Посмотрев немного им вслед, он залез в свою карету и нажал на винамиатис. Нормут был шокирован, но никоим образом не расстроен. Что до Люси и Фредера — не его дело, что до Бонтина — так и хорошо, что он не пришёл. Вовсе не для разговора со своим рабом приходил Нормут. Отнюдь. Просто нужен был знак, напоминание. «Я не забыл. Я не оставил тебя в покое». Знак, чтобы враг трепетал, чтобы уловил воздух, прожжённый казокварским огнём. Нормут не говорил даже жене, что даст Бонтину о себе знать. Фалита не поймёт. Ведь предупреждён значит вооружён! Но не в привычке Казоквара делится оружием с рабами! Пока Бонтин будет защищать свою подружку и готовиться к огню, Нормут даже не нанесёт ему удар. Так, лишь подует на жизнь врага и сокрушительным ветром обрушит его на острозаточенные шипы казокварского возмездия.

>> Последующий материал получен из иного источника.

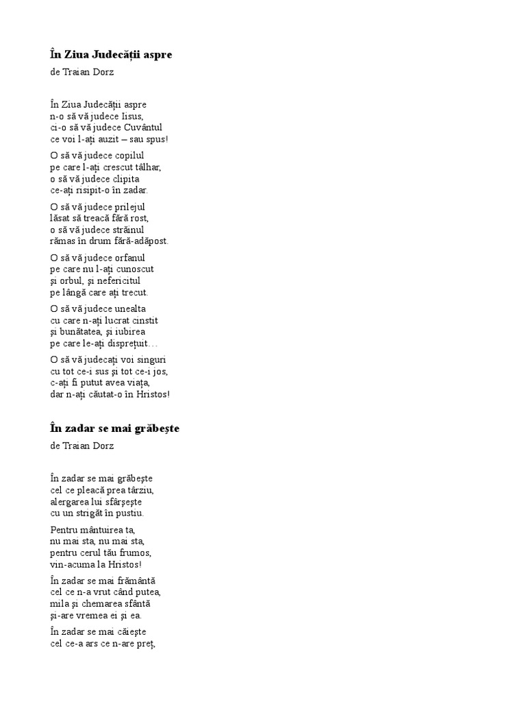 14 2018 poezii traian dorz 0 copiii credincioși cu alți copii sînt drăgălași cu nimeni nu se ceartă oricine de le ar face un rău ei îl iubesc și l iartă. 1914 1989 poezii cantari carte. Blestemul interdictiilor a planat însa mereu asupra lui parca pentru a l împiedica cu orice pret sa si împlineasca chemarea pentru care dumnezeu l a rânduit. Traian dorz albumul din cele mai frumoase poezii.
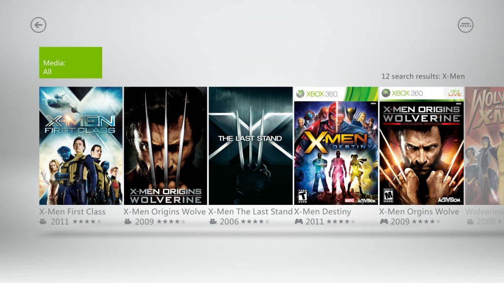 On the surface, the Metro update looks much like Windows 8. Tiles abound, with various UI elements mimicking the new Windows UI almost wholesale. Every new app is Kinect-enabled, allowing you to swipe through tiles with your hands or call up apps with your voice. The most prominent change is the Bing search screen, a service that will bring you web content as well as allow you to search the entire Xbox and Microsoft stores for potential matches. For example, when you search for “X-Men” you don’t get the Wikipedia entry, you get all of the movies, based on availability for download or streaming.
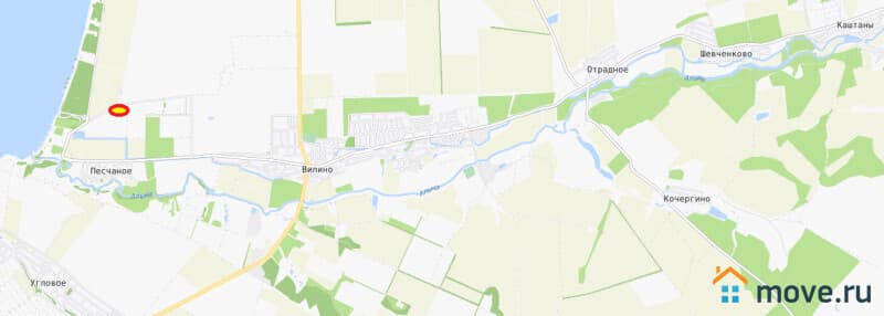 Дом расположен в 900 м от моря, 1000 м до п. Песчаное, 3700 м до п. Вилино.
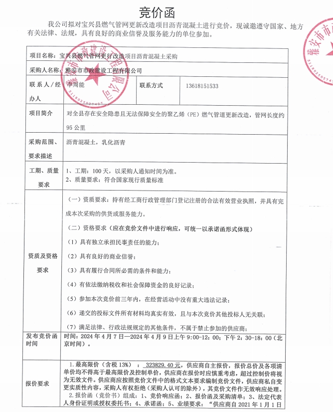 寶興縣燃?xì)夤芫W(wǎng)更新改造項(xiàng)目瀝青混凝土競(jìng)價(jià)公告

Карета Нормута мчалась по центральным улицам. Быстро, над самыми головами людей, которым, дабы уберечь себя, приходилось наклонять головы. Ход она сбавила возле суда, Нормут вспомнил, что сегодня очередной суд над помилованный повстанцем, но не прощённым казнокрадом Джексоном Марионом. Он обратил внимание на здание, в котором выносили приговор. Длинное, большое, с массивными колоннами, с двумя статуями Хаса: бог встречает людей перед самыми дверями и наблюдает за ними с куполообразной крыши, устремляя свой взгляд в высоту. Такая архитектурная задумка нравилась Нормуту. Нет, зачем же нам смотреть на город и людские порядки, мы обратимся к Создателям с их устаревшему правосудию. Что ж, это и хорошо, ведь и он, Нормут, может указать ввысь на тех, на кого равняется. Что так поражало его в здании суда — необычайно светлая раскраска. Сочетание серого оттенка с лёгким коричневым отдавали атмосферой дома. Нормут искал в этом связь, представлял, что это некий родильный дом, в котором на волю или на каторгу, а то и на эшафот выходит вновь созданный человек. Хотя признавал, что его выдумка так себе хороша.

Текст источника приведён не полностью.